[[ DATA SHOWN open ]]
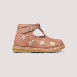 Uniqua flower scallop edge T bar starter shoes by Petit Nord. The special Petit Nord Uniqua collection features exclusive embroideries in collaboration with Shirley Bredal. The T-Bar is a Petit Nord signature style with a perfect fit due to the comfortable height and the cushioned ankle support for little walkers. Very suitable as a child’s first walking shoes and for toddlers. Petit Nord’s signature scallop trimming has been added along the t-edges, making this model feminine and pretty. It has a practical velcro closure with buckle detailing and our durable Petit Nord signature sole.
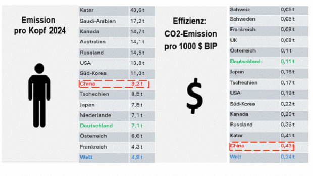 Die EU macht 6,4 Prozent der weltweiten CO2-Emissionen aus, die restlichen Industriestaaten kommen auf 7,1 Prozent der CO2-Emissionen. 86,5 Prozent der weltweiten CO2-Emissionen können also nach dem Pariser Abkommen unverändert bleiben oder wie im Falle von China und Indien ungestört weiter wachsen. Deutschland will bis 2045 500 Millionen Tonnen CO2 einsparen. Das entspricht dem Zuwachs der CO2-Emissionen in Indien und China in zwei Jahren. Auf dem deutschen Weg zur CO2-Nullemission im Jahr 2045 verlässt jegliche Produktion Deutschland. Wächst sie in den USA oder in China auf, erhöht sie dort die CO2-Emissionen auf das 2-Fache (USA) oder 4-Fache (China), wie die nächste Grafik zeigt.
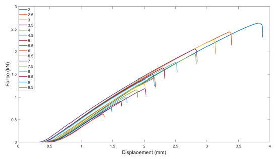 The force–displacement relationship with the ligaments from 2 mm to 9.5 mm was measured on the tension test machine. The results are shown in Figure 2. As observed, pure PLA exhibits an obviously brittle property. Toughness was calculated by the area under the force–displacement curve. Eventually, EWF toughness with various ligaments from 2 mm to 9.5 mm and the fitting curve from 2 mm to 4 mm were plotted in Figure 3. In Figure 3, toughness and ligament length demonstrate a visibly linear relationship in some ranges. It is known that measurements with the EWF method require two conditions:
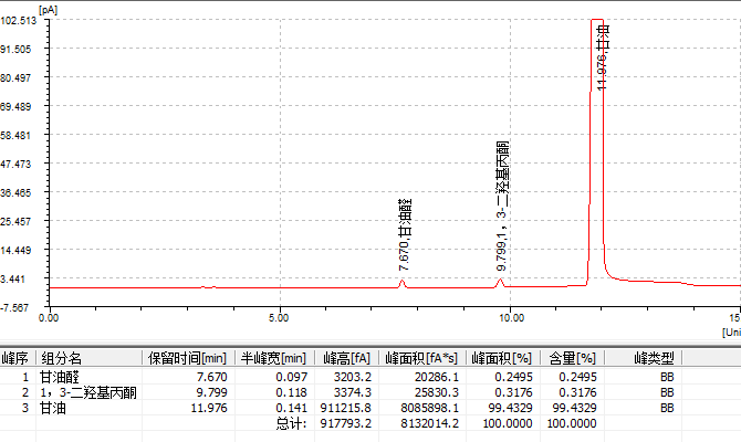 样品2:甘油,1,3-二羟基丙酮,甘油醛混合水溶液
[[ DATA SHOWN closed ]]
[[ DATA SHOWN open ]]
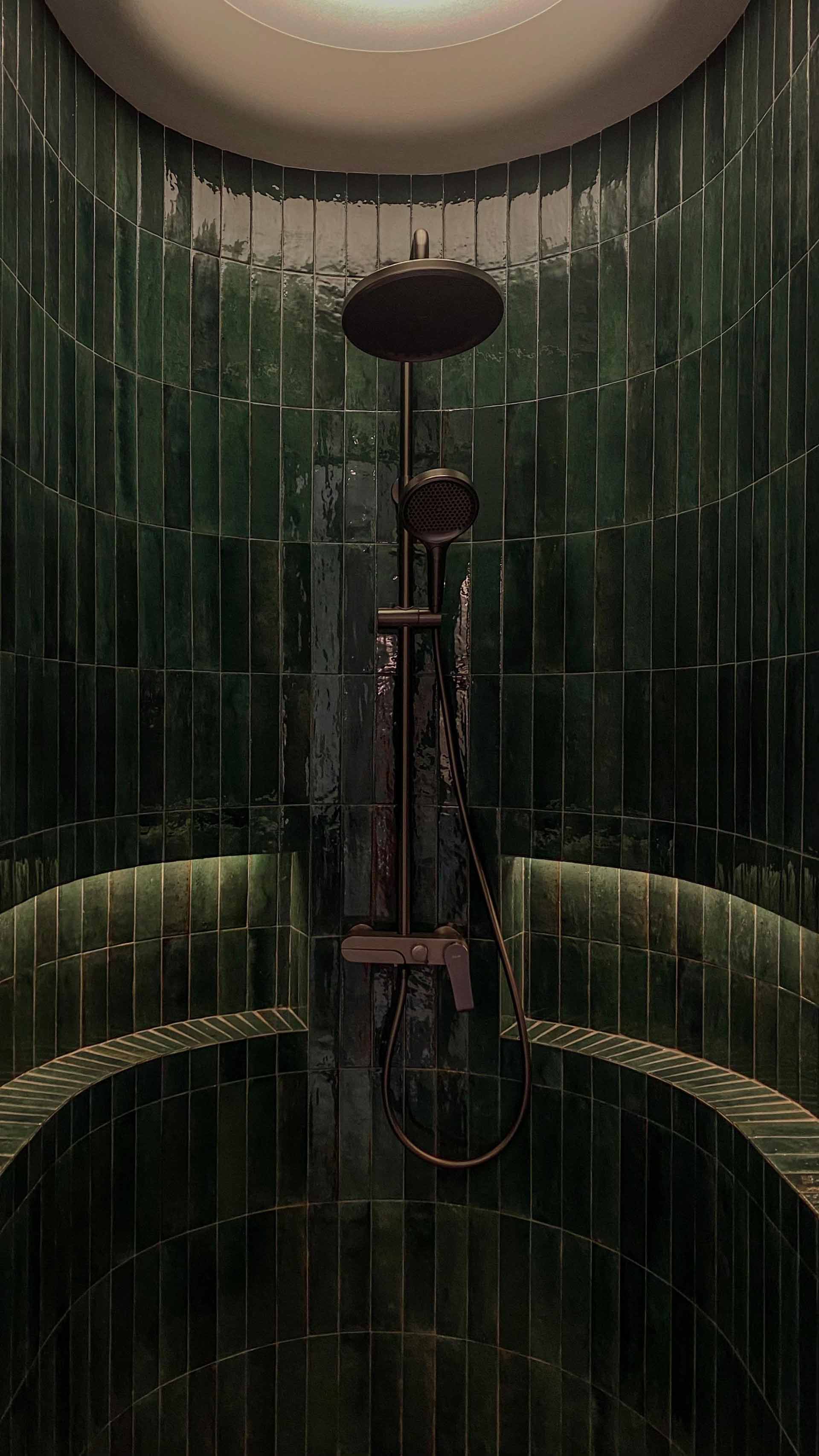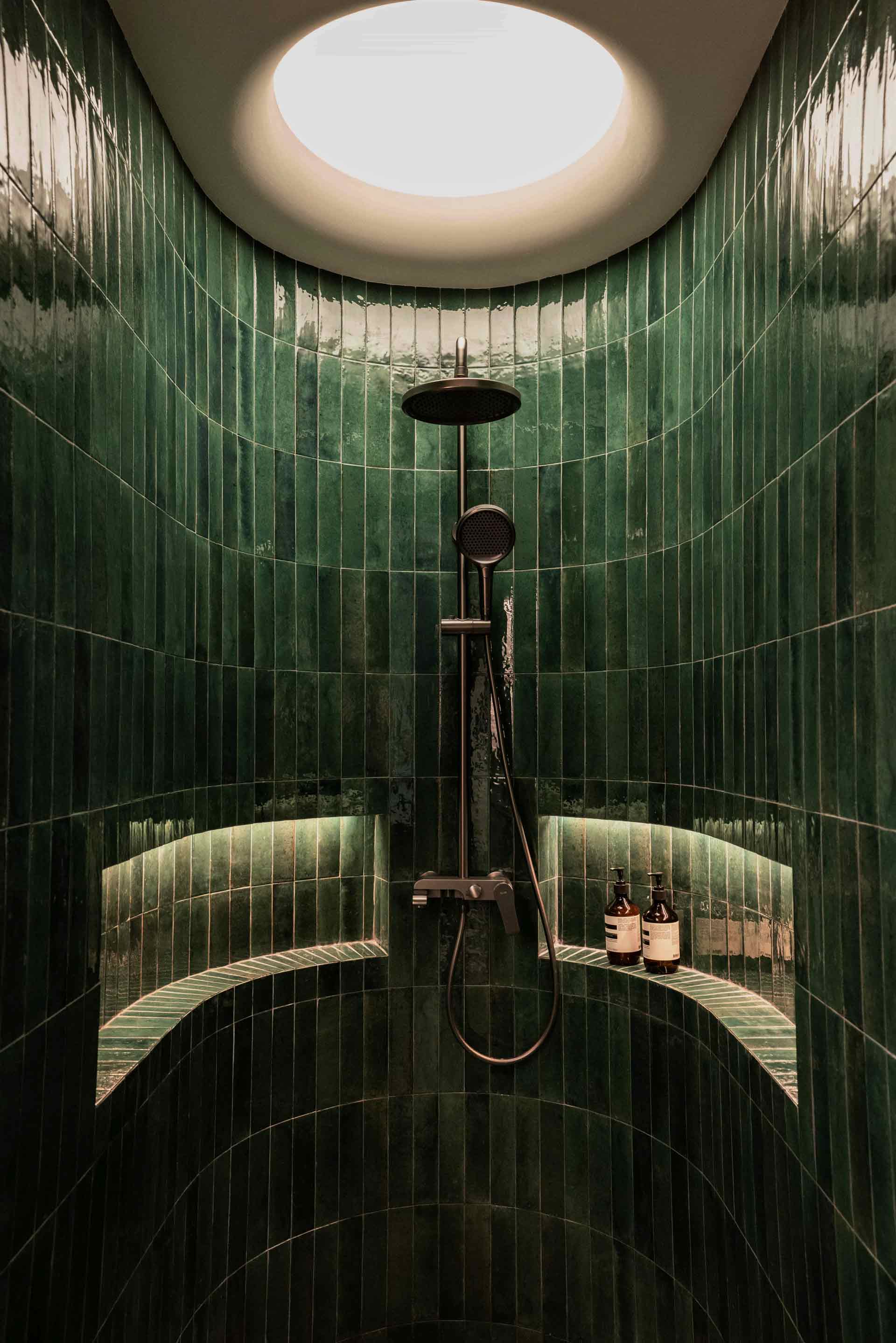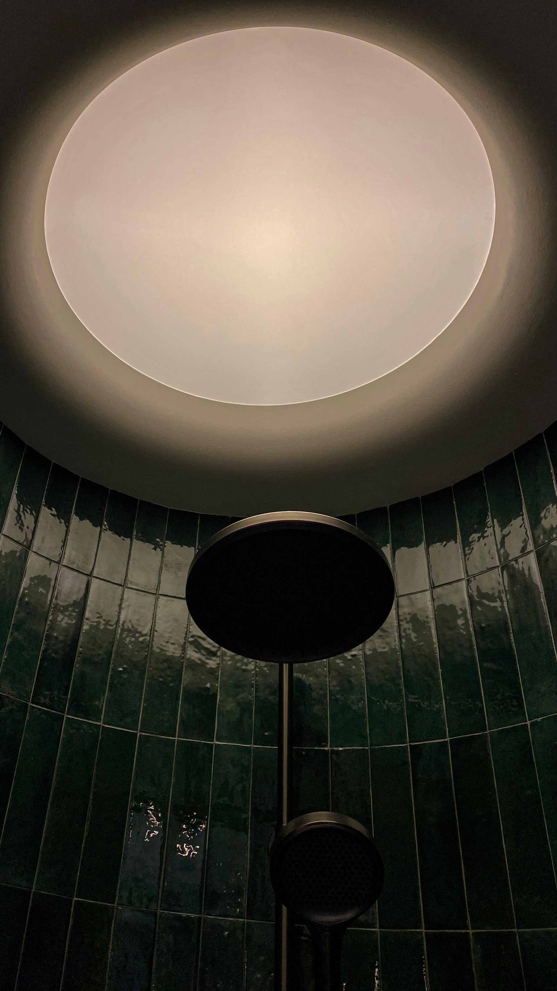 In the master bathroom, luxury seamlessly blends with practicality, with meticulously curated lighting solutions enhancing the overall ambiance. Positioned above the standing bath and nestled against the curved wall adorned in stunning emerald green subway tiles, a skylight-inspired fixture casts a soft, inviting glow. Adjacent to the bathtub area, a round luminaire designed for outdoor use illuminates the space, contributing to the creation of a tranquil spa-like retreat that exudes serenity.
[[ DATA SHOWN closed ]]
[[ DATA SHOWN open ]]
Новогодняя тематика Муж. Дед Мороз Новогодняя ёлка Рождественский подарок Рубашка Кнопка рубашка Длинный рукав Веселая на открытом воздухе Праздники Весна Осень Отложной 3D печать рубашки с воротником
[[ DATA SHOWN closed ]]
PROBLEM STATEMENT: With the pictures omitted, restate word for word the lines above from the line that has "The force–displacement relationship" up to and including the line that has "样品2:甘油,1,3-二羟基丙酮,甘油醛混合水溶液", and no other lines.

RESPONSE BOX:
 The force–displacement relationship with the ligaments from 2 mm to 9.5 mm was measured on the tension test machine. The results are shown in Figure 2. As observed, pure PLA exhibits an obviously brittle property. Toughness was calculated by the area under the force–displacement curve. Eventually, EWF toughness with various ligaments from 2 mm to 9.5 mm and the fitting curve from 2 mm to 4 mm were plotted in Figure 3. In Figure 3, toughness and ligament length demonstrate a visibly linear relationship in some ranges. It is known that measurements with the EWF method require two conditions:
 样品2:甘油,1,3-二羟基丙酮,甘油醛混合水溶液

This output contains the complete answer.